* **The data**:

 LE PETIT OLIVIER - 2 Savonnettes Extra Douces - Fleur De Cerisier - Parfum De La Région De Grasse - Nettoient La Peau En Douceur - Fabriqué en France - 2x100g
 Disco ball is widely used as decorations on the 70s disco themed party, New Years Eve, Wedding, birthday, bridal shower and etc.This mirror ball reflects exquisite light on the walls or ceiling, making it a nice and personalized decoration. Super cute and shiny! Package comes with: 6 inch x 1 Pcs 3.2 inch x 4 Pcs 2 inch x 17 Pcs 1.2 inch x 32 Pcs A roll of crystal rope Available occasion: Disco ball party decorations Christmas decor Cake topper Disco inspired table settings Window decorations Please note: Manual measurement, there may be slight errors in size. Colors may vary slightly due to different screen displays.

==

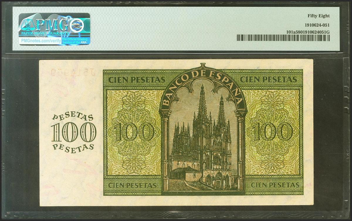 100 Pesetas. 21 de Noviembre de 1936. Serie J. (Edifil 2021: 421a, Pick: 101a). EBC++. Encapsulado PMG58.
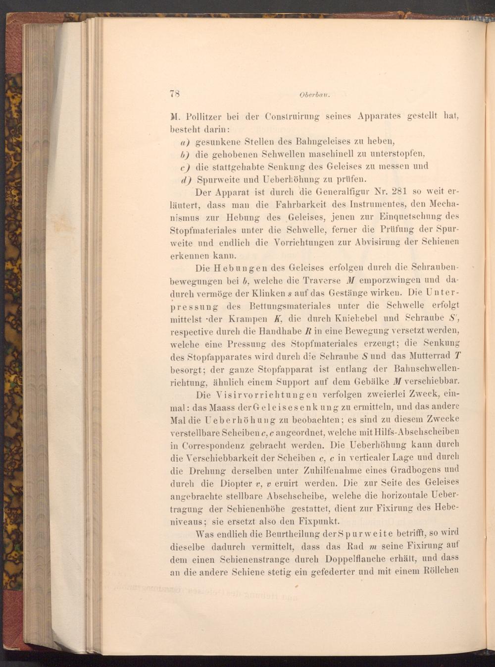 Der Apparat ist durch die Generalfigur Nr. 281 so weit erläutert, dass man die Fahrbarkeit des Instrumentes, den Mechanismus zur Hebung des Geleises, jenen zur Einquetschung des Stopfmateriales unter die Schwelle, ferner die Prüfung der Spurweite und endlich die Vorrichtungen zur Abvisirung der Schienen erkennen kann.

---

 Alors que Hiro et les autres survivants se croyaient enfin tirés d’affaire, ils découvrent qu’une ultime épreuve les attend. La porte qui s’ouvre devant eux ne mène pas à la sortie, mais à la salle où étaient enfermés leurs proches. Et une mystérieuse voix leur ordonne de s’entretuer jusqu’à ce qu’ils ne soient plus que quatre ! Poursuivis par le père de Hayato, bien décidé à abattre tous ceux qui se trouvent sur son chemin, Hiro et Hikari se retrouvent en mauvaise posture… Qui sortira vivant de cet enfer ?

* **Prompt**:
An exact copy of the lines above, from the one containing "LE PETIT OLIVIER" down to the one containing "Disco ball is" and including both, is the whole answer; retype it and nothing else.

* **Completed exercise**:
 LE PETIT OLIVIER - 2 Savonnettes Extra Douces - Fleur De Cerisier - Parfum De La Région De Grasse - Nettoient La Peau En Douceur - Fabriqué en France - 2x100g
 Disco ball is widely used as decorations on the 70s disco themed party, New Years Eve, Wedding, birthday, bridal shower and etc.This mirror ball reflects exquisite light on the walls or ceiling, making it a nice and personalized decoration. Super cute and shiny! Package comes with: 6 inch x 1 Pcs 3.2 inch x 4 Pcs 2 inch x 17 Pcs 1.2 inch x 32 Pcs A roll of crystal rope Available occasion: Disco ball party decorations Christmas decor Cake topper Disco inspired table settings Window decorations Please note: Manual measurement, there may be slight errors in size. Colors may vary slightly due to different screen displays.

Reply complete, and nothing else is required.